Dataset section:

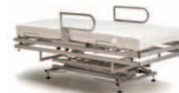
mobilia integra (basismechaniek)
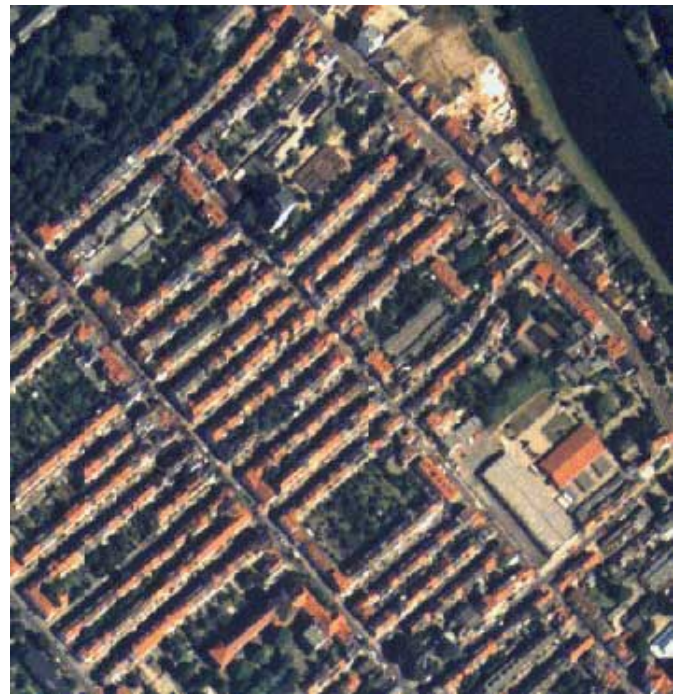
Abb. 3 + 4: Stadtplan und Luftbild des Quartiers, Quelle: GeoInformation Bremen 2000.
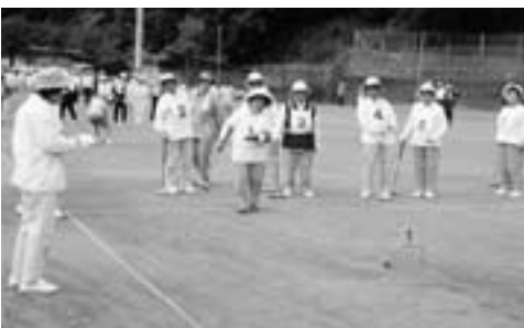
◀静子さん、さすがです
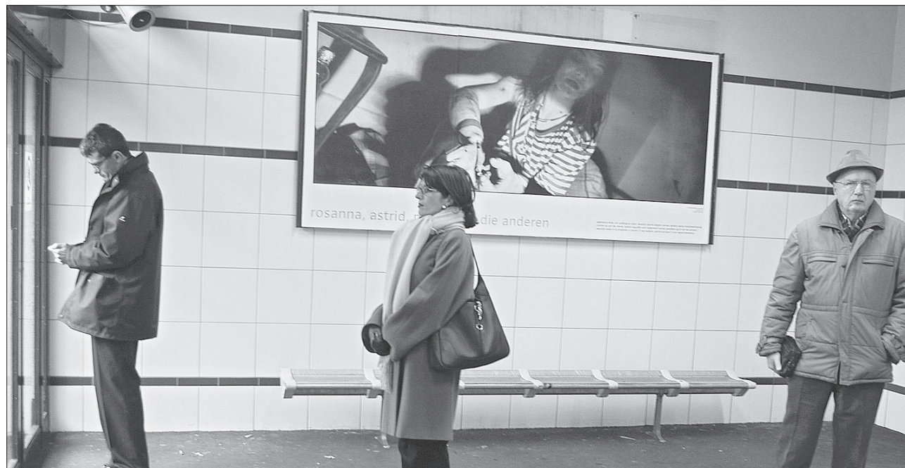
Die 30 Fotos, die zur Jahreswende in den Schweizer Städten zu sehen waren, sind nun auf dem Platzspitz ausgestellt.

Problem to work on: Except for the pictures, the whole listing above should be transcribed exactly.

Reply to the task:
mobilia integra (basismechaniek)
Abb. 3 + 4: Stadtplan und Luftbild des Quartiers, Quelle: GeoInformation Bremen 2000.
◀静子さん、さすがです
Die 30 Fotos, die zur Jahreswende in den Schweizer Städten zu sehen waren, sind nun auf dem Platzspitz ausgestellt.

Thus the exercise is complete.